Pancham Vaidik first staged Rajnaitik Hatya? in 2004, and has revived it recently. Although Sartre wrote it about Communist commitment post-World War II, it remains relevant in our own political existentialism, without codes of conduct or morality, where unscrupulous opportunists rummage for spoils. Not surprisingly, the line where Sartre says that involvement in politics means getting one’s hands dirty received spontaneous applause at this week’s show. He felt that we encounter many choices, and must create personal standards to act by, regardless of others’ “values”. But mindless conformism is robotic and immoral, neither human nor responsible.

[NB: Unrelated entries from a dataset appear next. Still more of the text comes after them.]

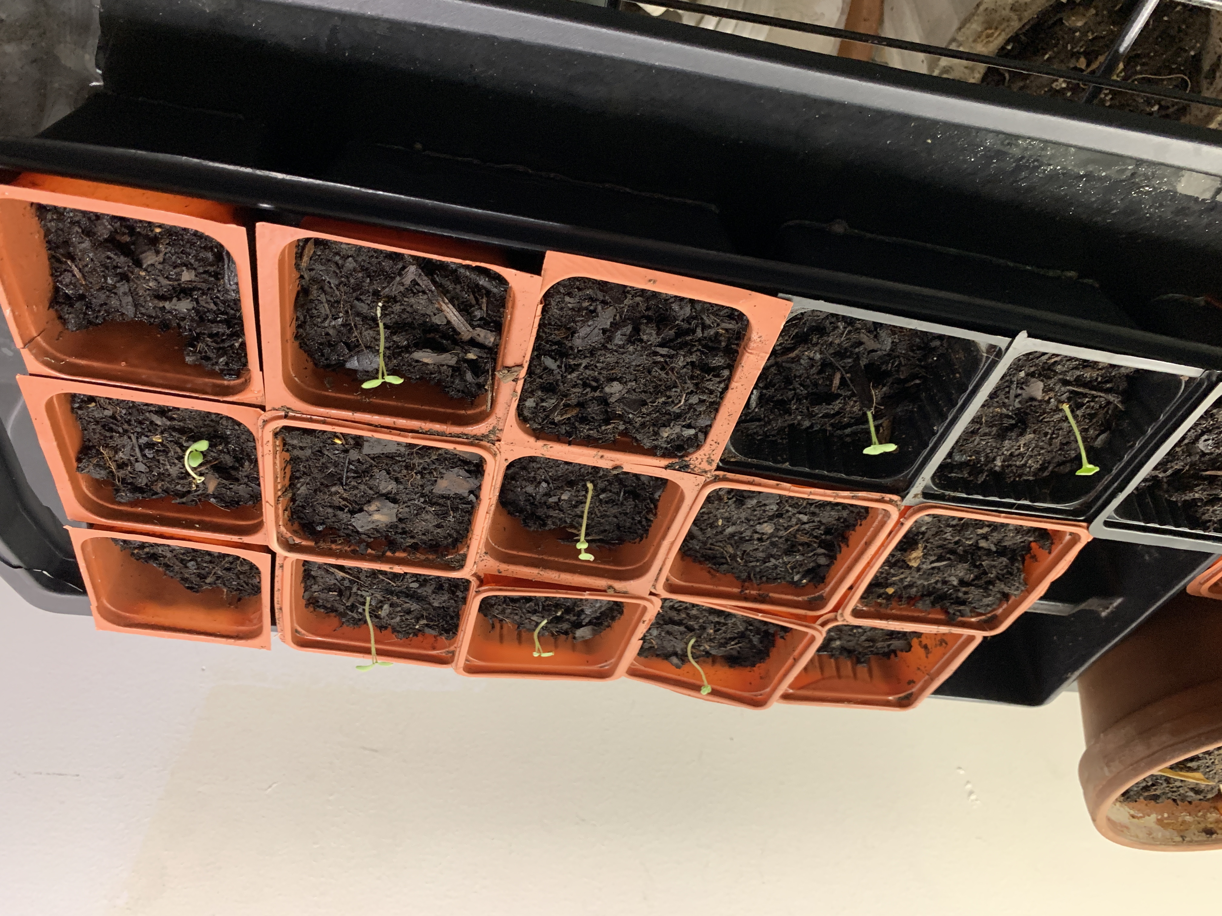 I started them on January 2nd and put them on two heat mats that I had purchased a few months ago. I was told that they take a long time to sprout, so I waited. On January 29th, I still had no sprouts and I realized that I was doing something wrong. My guess is that I wasn’t keeping the soil moist enough. I bought some trays like you’d put by the door for boots in the winter, simply because that was easily available. I put the two trays of seeds on those trays and kept them filled with water, which got pulled up into the containers where I planted the seeds. I then covered the trays with saran wrap to try to keep everything moist. On the same trip where I bought the boot trays, I also bought an actual seed starting kit and put the seeds that I had left in that, along with some other flower seeds I had lying around. That did it. The seeds sprouted by February 2nd.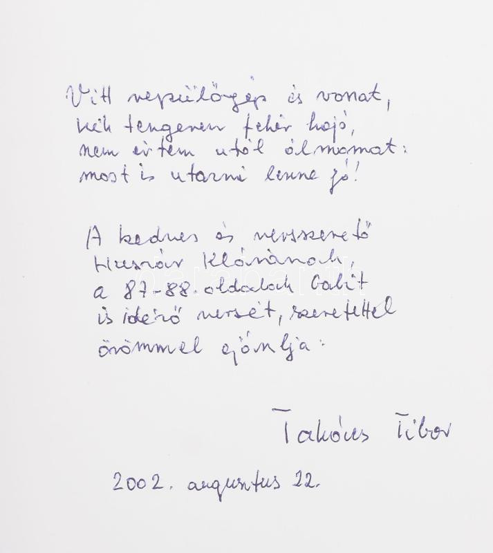 https://www.darabanth.com/en/466-Online-auction/466.0/Books/Books-Other-rarities~500042/Takacs-Tibor-Aranyhid-a-nagyvilagba-Verses-1955-2000-Bp-2000-Biro-Family-Verses-DEDIKAC~II3142048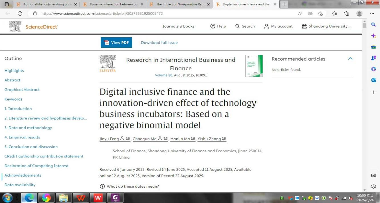 海角app 冯金余教授作为第一作者兼通讯作者与其博士硕士研究生张亦姝、马超群及马瀚霖合作撰写的论文《Digital inclusive ffnance and the innovation-driven effect of technology business incubators: Based on a negative binomial model》,于2025年8月在期刊《Research in International Business and Finance》在线发表。该期刊最新影响因子为6.3,属海角app A1类期刊。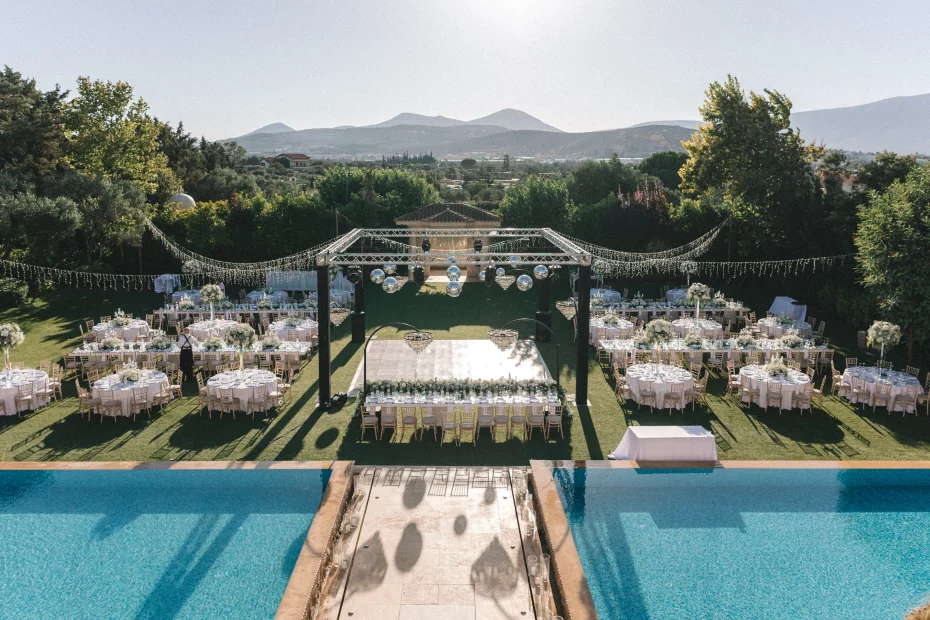 Tucked away from the city buzz yet close enough for convenience, Ktima Orizontes is a contemporary wedding venue that feels like a breath of fresh air. Set across nine acres of lush gardens, reflective pools, and clean-lined architecture, it’s a serene haven where every celebration finds its perfect rhythm.

Saonli Mitra’s direction grabs our attention in the intense second half, but needs tightening in the first, and more naturalistic sound effects. The performances of the central triangle (picture) keep us riveted: Babu Datta Ray as the practical senior Communist leader, Siddhartha Chakrabarti as the very confused revolutionary who volunteers to assassinate him, and Arpita Ghosh as his apparently flighty wife who injects action into a heavily dialogic drama.
Ghosh also translated the text faithfully, unlike Arna and Rudrarup Mukhopadhyay who, “inspired by Shaw”, virtually traduce Natadha’s Caesar o Cleopatra. They totally ignore Shaw’s depiction of Caesar as a pragmatic old warrior, a prototypical modern Shavian hero. Instead, they simplify Shaw’s socialist parody of romanticism into anti-imperialistic diatribe — which Shaw, beyond such easy oppositions, never intended. Shaw’s Caesar educates Cleopatra (a surrogate for what Shaw considered his philistine audiences) and grooms her to intellectual maturity, similar to Higgins with Eliza; like many of Shaw’s couples, they share a strong mental relationship.
But Arna’s young Caesar jumps about like a crazed wildebeest straitjacketed in a nightdress and changes later into an autocratic invader. Miska Halim does not seem to have received much directorial guidance from him on Cleopatra’s growth from impetuous teenager to intelligent woman.
However, he scores high in mounting this production, with quasi-Egyptian set and music, ornate costumes, lush choreography by Deb Kumar Paul and pronounced physicalized acting, all of which contribute to a dynamic mise-en-scène.